Practical Applications
Practical Applications of the Paper’s Findings, Methods, and Innovations
Below are actionable use cases derived from the paper’s benchmarks (IKD and KNP), empirical findings (near-random LLM performance on knowledge-state tracking), and methodological insights (prompting to focus on knowledge states improves results). Each item is categorized as Immediate or Long-Term, linked to sectors where relevant, with assumptions/dependencies noted.
Immediate Applications
- Industry (AI/Software): Model evaluation gates for “epistemic robustness”
- Use IKD and KNP as standard pre-deployment tests to detect when models attribute or act on knowledge they should not have (e.g., hallucinated access, “omniscient narrator” bias).
- Integrate as CI/CD checks in MLOps (e.g., “Knowledge-State Unit Tests” in eval pipelines alongside toxicity, bias, and factuality).
- Potential tools/workflows: SDKs for IKD/KNP integration; dashboards with “epistemic error rate” metrics; regression tests per release.

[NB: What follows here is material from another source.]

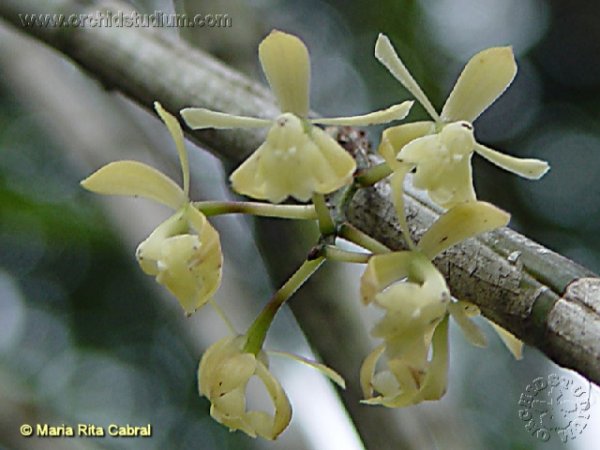 Found in southeastern Brazil as a medium to giant sized, warm growing that blooms from nodes [much like Dendrobium] laterally on the bare stem and not terminally.

- Assumptions/dependencies: Public availability/licensing of datasets; domain adaptation for non-narrative tasks; calibration of pass/fail thresholds by risk tier.
- Industry (Creative Writing, Media, Publishing, Games): “Plot-hole and knowledge plausibility linter”
- Apply IKD to flag lines/scenes where characters act on implausible knowledge; suggest rewrites.
- For game studios, validate NPC narrative consistency and prevent “omniscient NPC” behavior.
- Potential tools/products: IDE/editor plugins for Scrivener/Google Docs; Unity/Unreal QA tool to check NPC belief consistency; writers’ room assistant.
- Assumptions/dependencies: Domain-specific rules (e.g., fantasy world constraints); multilingual coverage; human-in-the-loop review.
- Academia (NLP, CogSci): Diagnostic benchmark for ToM/KSTE research
- Use IKD/KNP to compare model families, analyze scaling laws, and test training interventions.
- Reproducible baseline for cross-lab comparisons of “knowledge-state tracking.”
- Potential workflows: Shared leaderboard; standardized prompts; ablation templates (Abl. 1–3 from the paper).
- Assumptions/dependencies: Transparent evaluation protocols; dataset maintenance; community adoption.
- Policy/Standards (AI Assurance, Procurement): Minimum evaluation criteria for user-facing LLMs
- Require KNP/IKD-like checks in procurement for chatbots in high-stakes or social contexts (health, law, finance, education).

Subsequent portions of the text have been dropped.